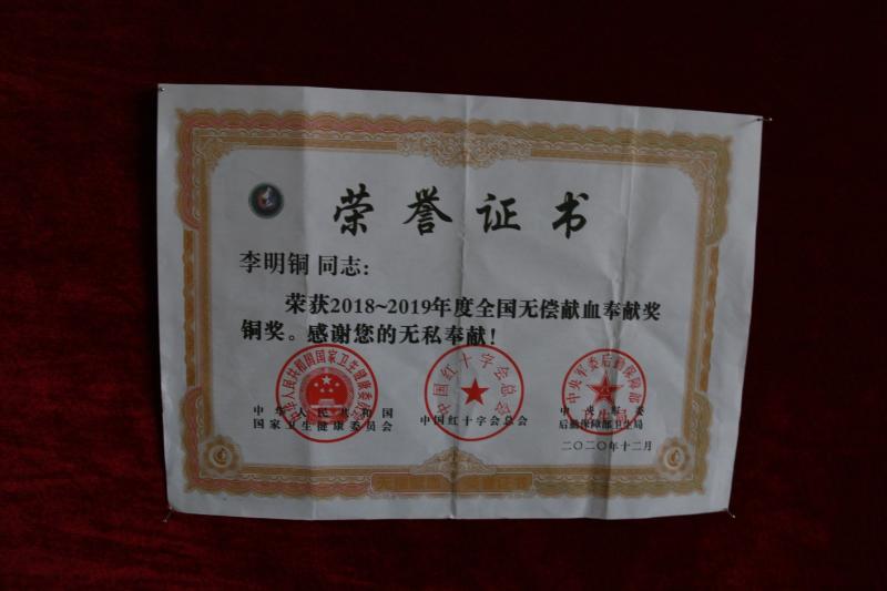 近日,淮北公路部门宋疃道班职工李明铜欣喜的领取了一张荣誉证书,“2018—2019”年度全国无偿献血奉献铜奖。这个奖状是由中华人民共和国、中国红十字会总会及中央军委后勤保障部卫生局联合颁发的。
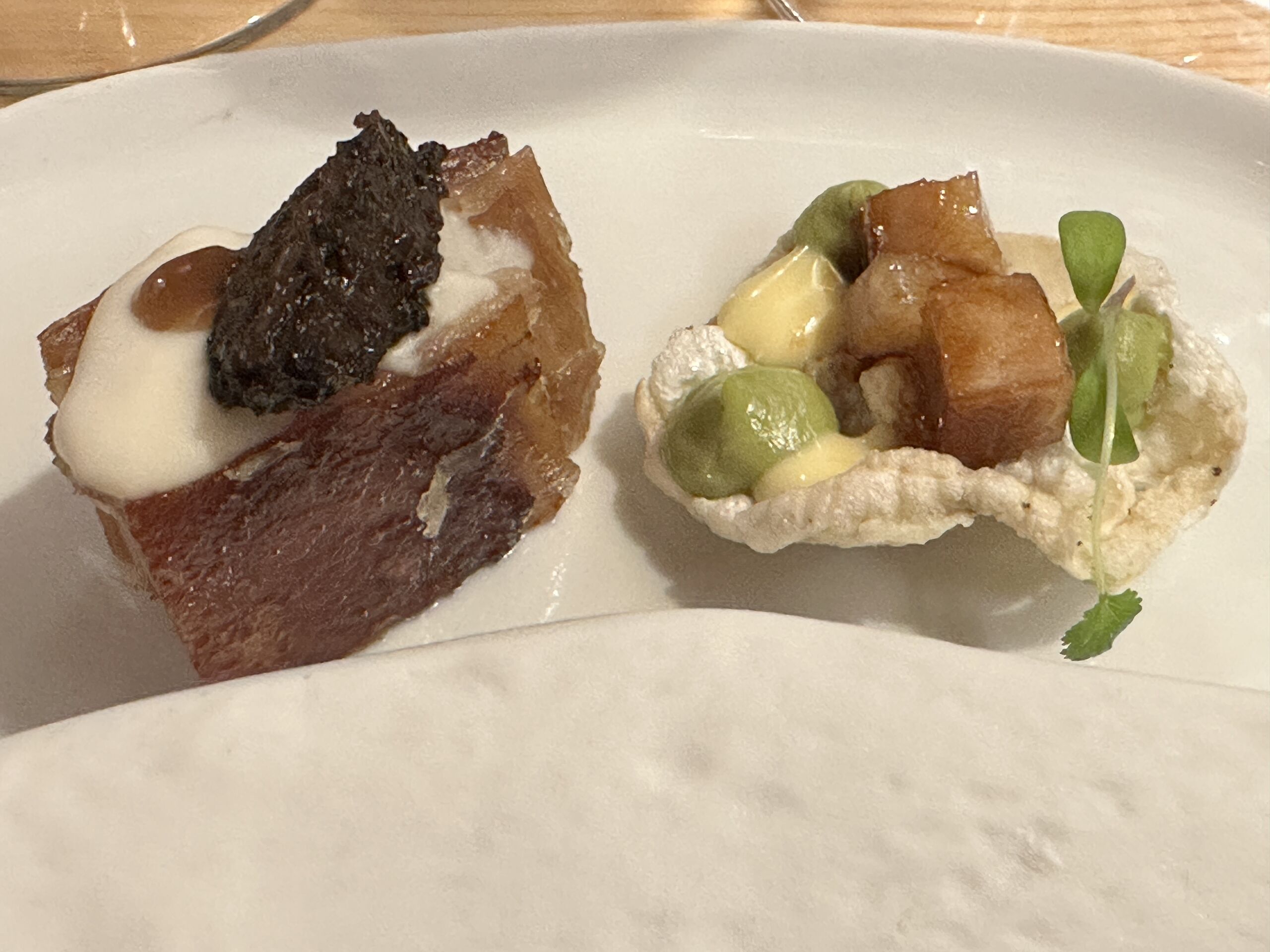 Como del cerdo se come todo, probamos una maravillosa coca crujiente de manitas y oreja de cerdo, papada a baja temperatura y tomillo. Espectacular el sándwich de ventresca de cochinillo, duxelle de setas y crema de queso Perfecto. Y para enmarcar el mar y montaña del suquet de manitas de cerdo, butifarra negra y espardeñas, con un fondo de los que permanecen en la memoria.
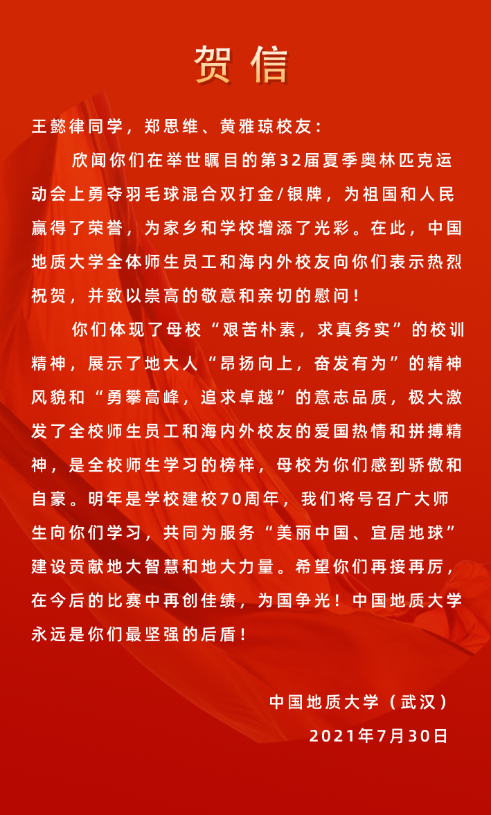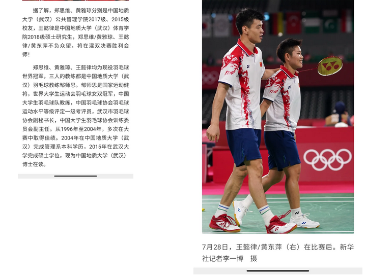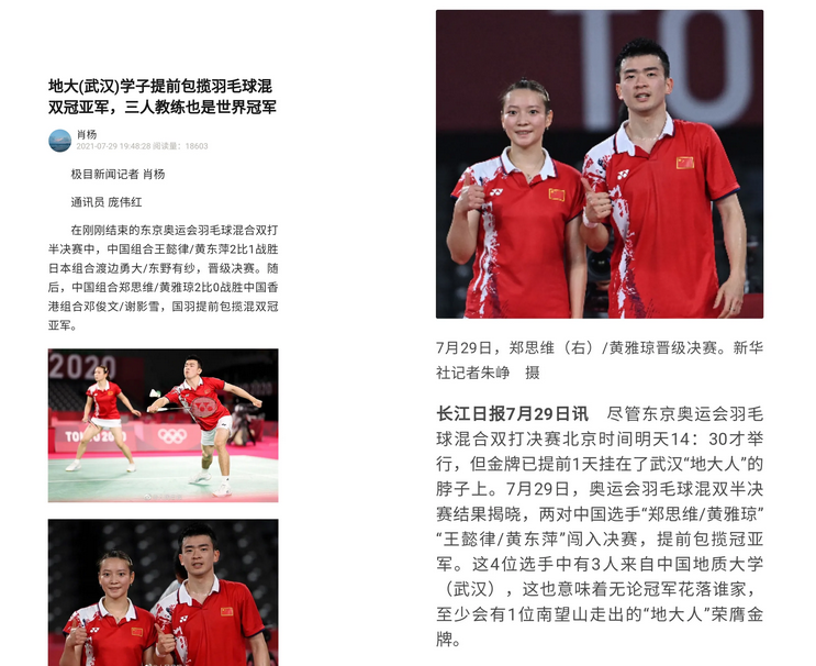 “羽毛球一直都是地大体育学院的传统优势项目。”邹师思介绍,3人都曾代表地大参加大型赛事。郑思维和黄雅琼曾代表太阳成参加中国大学生羽毛球锦标赛、世界大学生运动会等赛事,获得过冠军;王懿律代表地大比赛取得的最好成绩,是在世界大学生羽毛球锦标赛中获得亚军。邹师思也作为教练带队参加这些赛事,她说,此次3人会师东京并取得如此佳绩,自己作为老师,激动、开心、自豪。
·····
• _PROMPT_
Please give again only those lines that run from the one containing "Como del cerdo" through the final line of the listing, both included, exactly as written and without pictures.

• _ANSWER_
 Como del cerdo se come todo, probamos una maravillosa coca crujiente de manitas y oreja de cerdo, papada a baja temperatura y tomillo. Espectacular el sándwich de ventresca de cochinillo, duxelle de setas y crema de queso Perfecto. Y para enmarcar el mar y montaña del suquet de manitas de cerdo, butifarra negra y espardeñas, con un fondo de los que permanecen en la memoria.
 “羽毛球一直都是地大体育学院的传统优势项目。”邹师思介绍,3人都曾代表地大参加大型赛事。郑思维和黄雅琼曾代表太阳成参加中国大学生羽毛球锦标赛、世界大学生运动会等赛事,获得过冠军;王懿律代表地大比赛取得的最好成绩,是在世界大学生羽毛球锦标赛中获得亚军。邹师思也作为教练带队参加这些赛事,她说,此次3人会师东京并取得如此佳绩,自己作为老师,激动、开心、自豪。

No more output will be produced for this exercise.